SOURCE MATERIAL: Begin

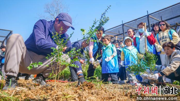 各类公园也积极探索,创新义务植树尽责形式。武汉动物园组织“我为动物种口粮”主题植树活动,指导30余名三镇游客,种下“好养活又好吃的”小叶女贞1200余株,后续将为川金丝猴、黑叶猴等灵长类动物提供源源不断的新鲜口粮。江汉区莱茵口袋公园结合城市更新,组织300多位市民种下水杉、池杉、栾树等树苗100株,为城市边角绘就新的“绿色拼图”。紫阳公园开展“植树+科技”趣味尽责活动,40余组亲子家庭与特别志愿者机器人“豆皮”共植新绿。
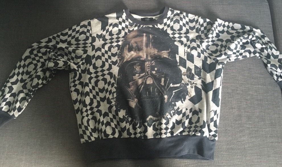 Today’s Mos Eisley Marketplace find is this women’s Preen by Thornton Bregazzi x Star Wars sweatshirt on eBay. Part of the original 2014 collection, this sweatshirt features the Preen Darth Vader artwork that was used throughout the collection, against a black geometric pattern. This sweatshirt is a size M, and is currently available with a ‘buy now’ price of US$350.00 (seller ships within the US). I love this particular design, but it’s not my size – hopefully another Star Wars fashion fan can find this fabulous sweatshirt a new home.
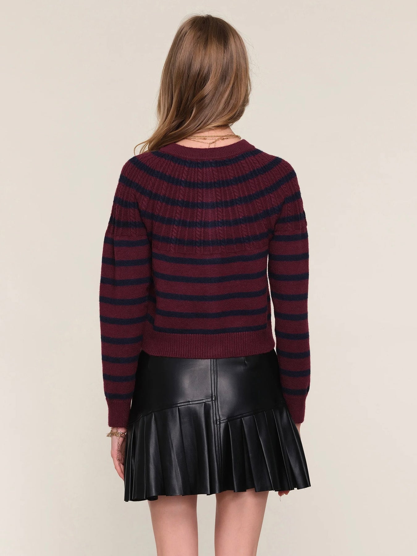 The Selene Cardigan is a crew neck, relaxed fit knit. It features a stripe layout with a cable stitch detail around neck. It also has cute, novelty buttons.
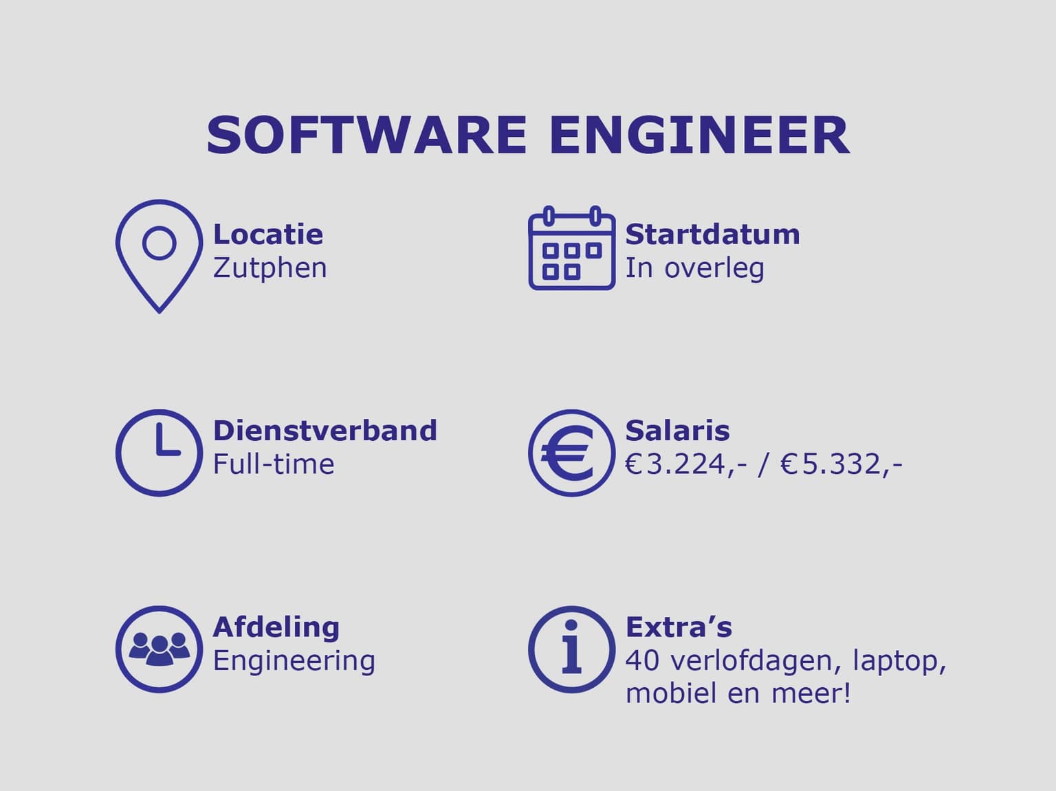Je komt te werken in een inspirerende en gemotiveerde organisatie met een hoog ambitieniveau. Je krijgt van ons een aantrekkelijk verloningspakket (volgens de CAO Metalelektro). Jouw maandsalaris zal ergens liggen tussen € 3.224,- en € 5.332,- op basis van ervaring. Daarnaast zijn er flexibele werktijden, veel vrijheid en meer. Wij geloven in de creativiteit van onze medewerkers!

SOURCE MATERIAL: End

__WHAT THE TASK REQUIRES__.
Write the lines from the one containing "The Selene Cardigan" through the end of the data above exactly as they appear, and do not carry over any picture.

__EXERCISE SOLUTION__.
 The Selene Cardigan is a crew neck, relaxed fit knit. It features a stripe layout with a cable stitch detail around neck. It also has cute, novelty buttons.
Je komt te werken in een inspirerende en gemotiveerde organisatie met een hoog ambitieniveau. Je krijgt van ons een aantrekkelijk verloningspakket (volgens de CAO Metalelektro). Jouw maandsalaris zal ergens liggen tussen € 3.224,- en € 5.332,- op basis van ervaring. Daarnaast zijn er flexibele werktijden, veel vrijheid en meer. Wij geloven in de creativiteit van onze medewerkers!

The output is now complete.